#### [Action item]
Reproduce only what runs from the line containing "14k White Gold" to the line containing "注:以上活动排名均以服务器时" in the records below, inclusive. Keep it exact, and keep the pictures out.

#### [Data shown]
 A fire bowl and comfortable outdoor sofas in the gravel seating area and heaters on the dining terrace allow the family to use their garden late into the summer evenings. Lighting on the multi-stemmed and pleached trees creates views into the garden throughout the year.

--

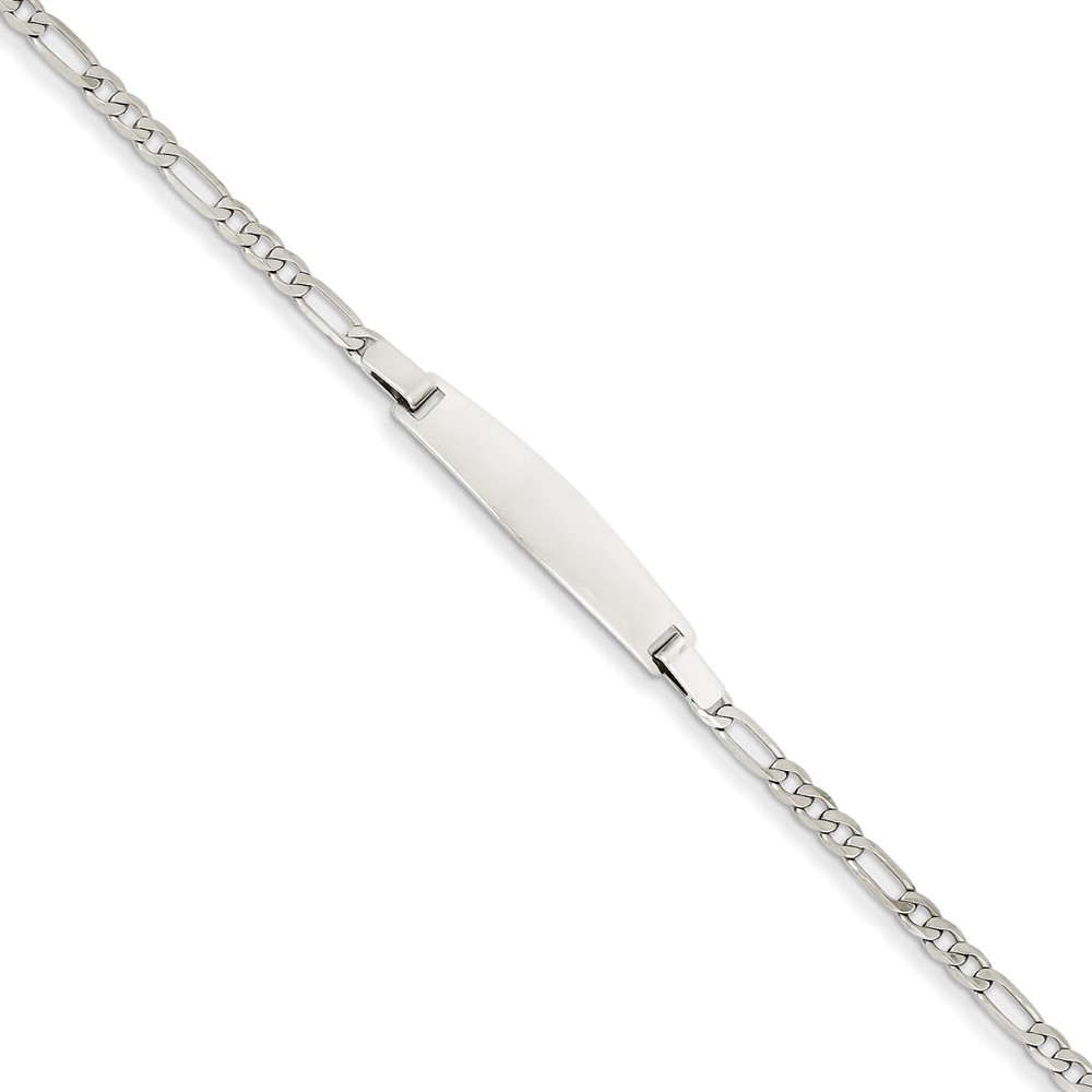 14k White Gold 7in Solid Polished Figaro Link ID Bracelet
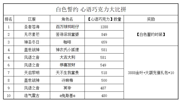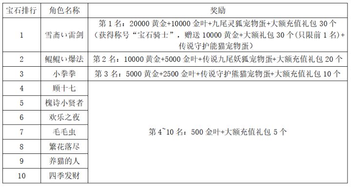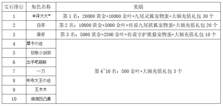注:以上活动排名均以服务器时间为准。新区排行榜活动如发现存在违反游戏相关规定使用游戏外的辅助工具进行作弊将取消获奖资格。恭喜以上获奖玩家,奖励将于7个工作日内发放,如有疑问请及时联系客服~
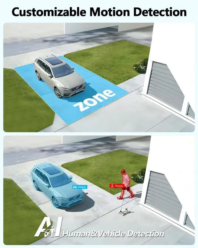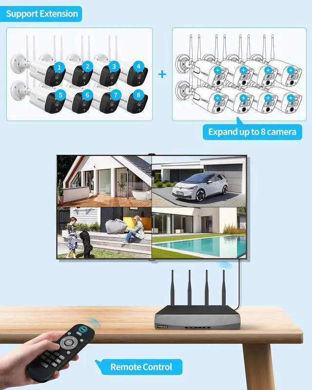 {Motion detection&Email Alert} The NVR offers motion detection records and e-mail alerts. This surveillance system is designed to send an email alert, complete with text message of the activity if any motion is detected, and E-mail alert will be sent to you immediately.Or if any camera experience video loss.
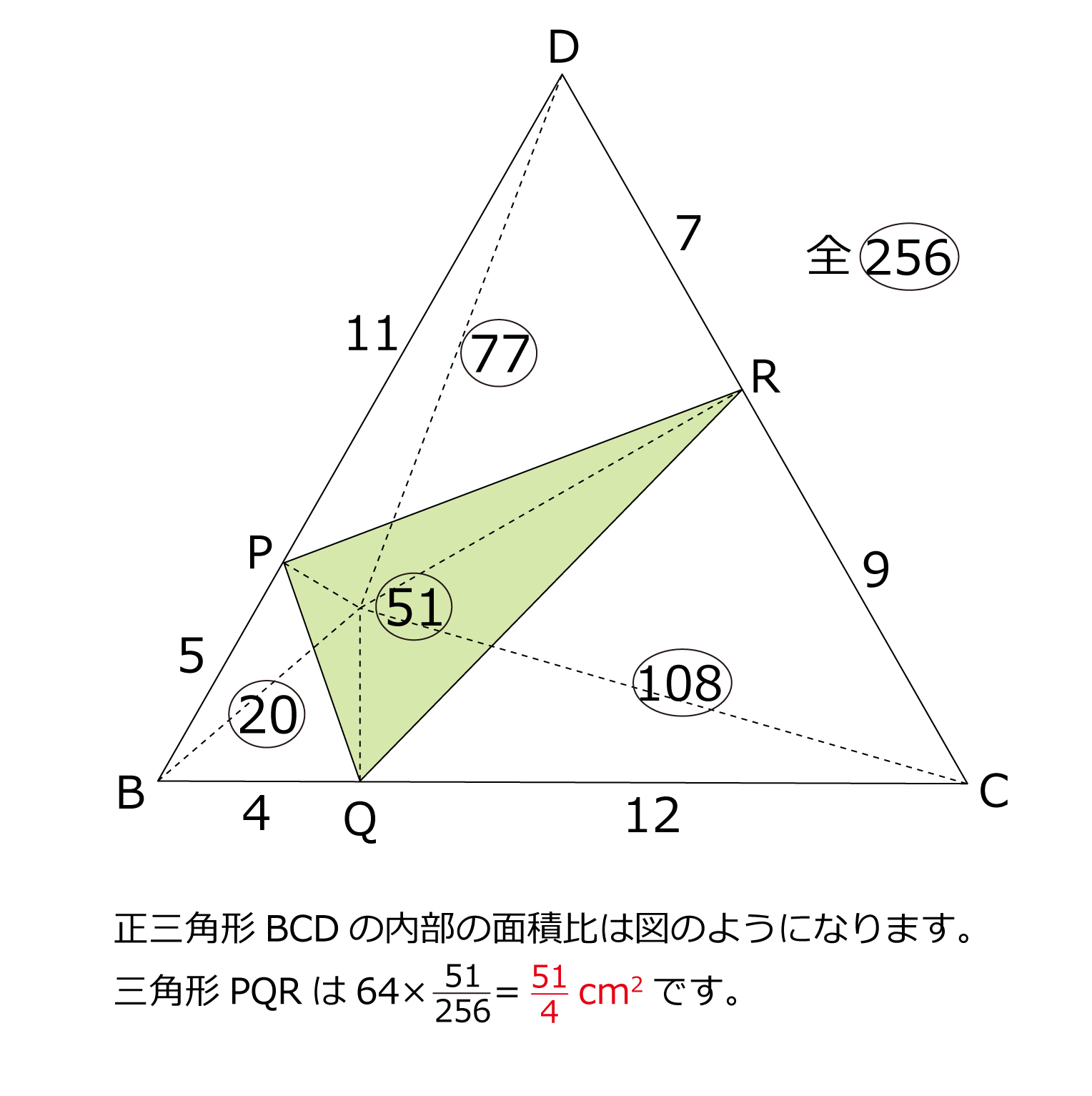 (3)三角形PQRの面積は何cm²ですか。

#### [Exercise result]
 14k White Gold 7in Solid Polished Figaro Link ID Bracelet
注:以上活动排名均以服务器时间为准。新区排行榜活动如发现存在违反游戏相关规定使用游戏外的辅助工具进行作弊将取消获奖资格。恭喜以上获奖玩家,奖励将于7个工作日内发放,如有疑问请及时联系客服~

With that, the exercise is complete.